There are several schools that teach the curriculum of their native countries, such as the Multinational School Dhahran (MNS Dhahran Multinational School Dhahran (MNS Dhahran), Dhahran British Grammar School, Dhahran Elementary Middle School, and Dhahran High School.

Dhahran High School (formerly Dhahran Academy High School) is a part of International Schools Group and is primarily composed of expatriates including American, British, Lebanese, Filipino, and Indian students. There have been Saudi students as well, though this is relatively rare. Advanced Placement courses have been available since Dhahran High School's first graduating class in 2001.

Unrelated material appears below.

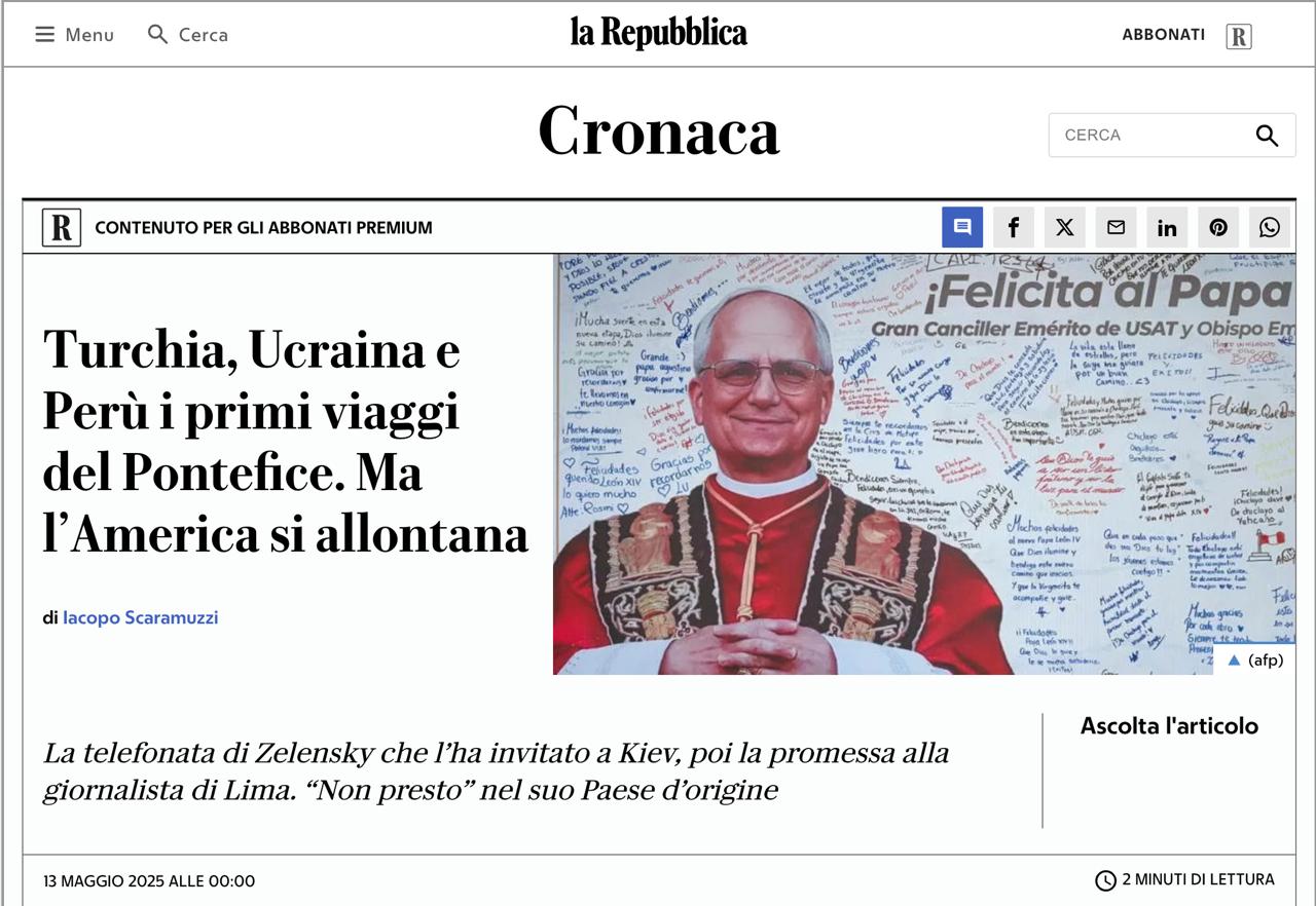 После этого украинские телеграм-каналы со ссылкой на материал La Repubblica написали, что новый понтифик приедет в Украину. На самом деле в статье издания лишь было сказано, что клирика в Украину пригласил Зеленский, но не говорилось о его согласии на визит.

The Dhahran School and the Dhahran Hills School are Saudi Aramco-run American curriculum schools within the Saudi Aramco Residential Camp. These schools are strictly only for the children of expatriate Saudi Aramco employees but are provided completely free of charge to them. They are fully accredited and are part of the larger Saudi Aramco Schools district, encompassing all Saudi Aramco-operated schools within Aramco residential compounds.

Dhahran is also home to the world-renowned King Fahd University of Petroleum and Minerals (KFUPM), and the Aramco Training Center (ATC), where many new employees of Saudi Aramco learn useful skills, such as English, business mathematics, physics, and computer skills. Imam Abdulrahman Bin Faisal University and Prince Mohammad bin Fahd University are also located near and within the city respectively.

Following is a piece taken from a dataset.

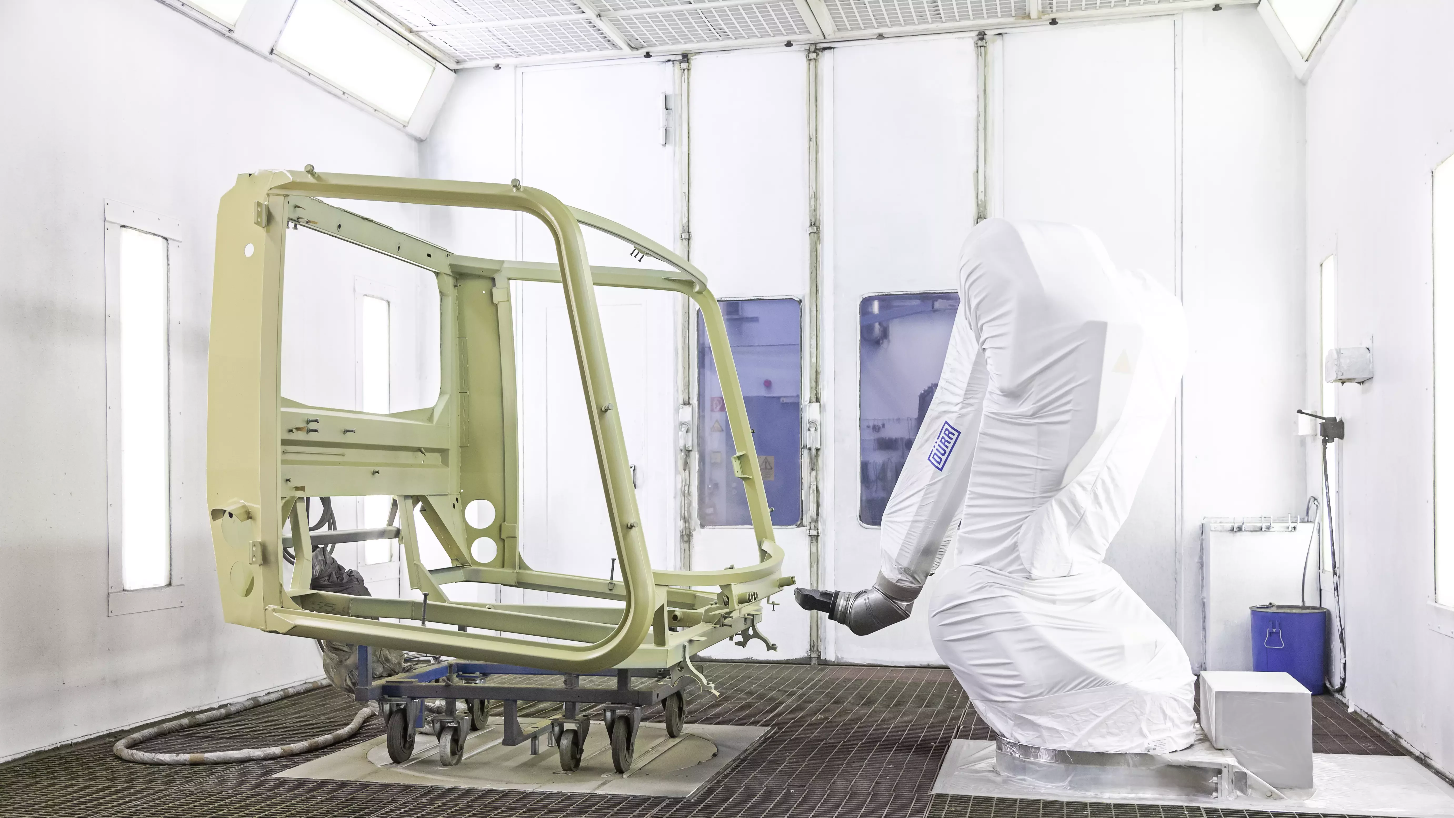 • Der Dürr-Roboter EcoRP L033 sorgt für einen automatisierten Lackierprozess bei der Kässbohrer Geländefahrzeug AG.

==Dhahran in popular culture==
- In 1998, after the kidnapping and murder of Matthew Shepard, a gay college student from Wyoming, major American news networks would occasionally mention that the student's parents lived in Dhahran and worked for Saudi Aramco.
- In Abdelrahman Munif's Cities of Salt novels, the oil company outpost of Harran is widely believed to be Dhahran's fictional analogue.
- In the premise of Ghost Fleet, Dhahran is the victim of a terrorist attack which utilizes a dirty bomb, which causes massive damage to the world oil economy and caused anarchy around the world, and it is the first event in a string of incidents that eventually lead to World War III.
- In the first episode of the 14th season King of the Hill, Peggy states that she and her spouse, Hank, lived in Dhahran while Hank was working for Saudi Aramco.